If a company uses $1,400 of its cash to purchase supplies, the effect on the accounting equation would be:
Assets increase $1,400 and liabilities decrease $1,400.
One asset increases $1,400 and another asset decreases $1,400, causing no effect.
Assets decrease $1,400 and equity decreases $1,400.
Assets decrease $1,400 and equity increases $1,400.
Assets increase $1,400 and liabilities increase $1,400.
The correct answer and explanation is :

The correct answer is:
One asset increases $1,400 and another asset decreases $1,400, causing no effect.
Explanation:
When a company purchases supplies for $1,400 using cash, it is essentially exchanging one asset (cash) for another asset (supplies). In accounting terms, this is called an asset exchange transaction, where no liabilities or equity are affected. Let’s break down the transaction:
- Cash Decreases: The company pays $1,400 in cash. Cash is an asset, so when the company spends cash, it decreases its cash balance. This is a decrease in one asset.
- Supplies Increase: At the same time, the company receives supplies worth $1,400. Supplies are also classified as an asset on the balance sheet. Therefore, the company’s supplies asset increases by $1,400.
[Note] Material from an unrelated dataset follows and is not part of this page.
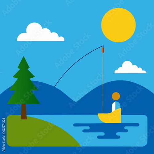 fishing, fisherman, boat, lake, water, nature, outdoors, recreation, hobby, summer, sunny, sky, cloud, hill, landscape, illustration, vector, minimalist, flat, design, cartoon, childlike, peaceful, calm, relaxation, activity, sport, leisure, daytime, scenic
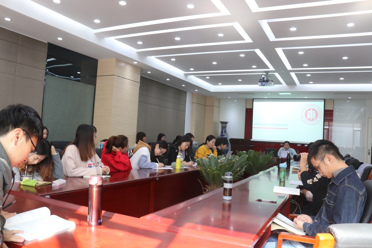 为增强就业意识,提高个人简历制作能力,2018年11月9日上午,h动漫 在法商北楼225会议室举办了一年一度的研究生从业技能大赛之简历制作比赛,h动漫 全体研究生参与了此次活动。

The key point is that the total assets of the company don’t change in total. Cash decreases by $1,400, and supplies increase by $1,400. The overall asset balance remains the same because one asset is simply swapped for another.
In terms of the accounting equation:
- Assets = Liabilities + Equity
On the left side of the equation, the total assets remain unchanged because:
- The decrease in cash is offset by the increase in supplies.
On the right side, neither liabilities nor equity is affected by this transaction because the company has not incurred any debt nor earned additional income or equity from the transaction.
Thus, the accounting equation remains in balance, and the company’s overall financial position is unaffected by this exchange of assets.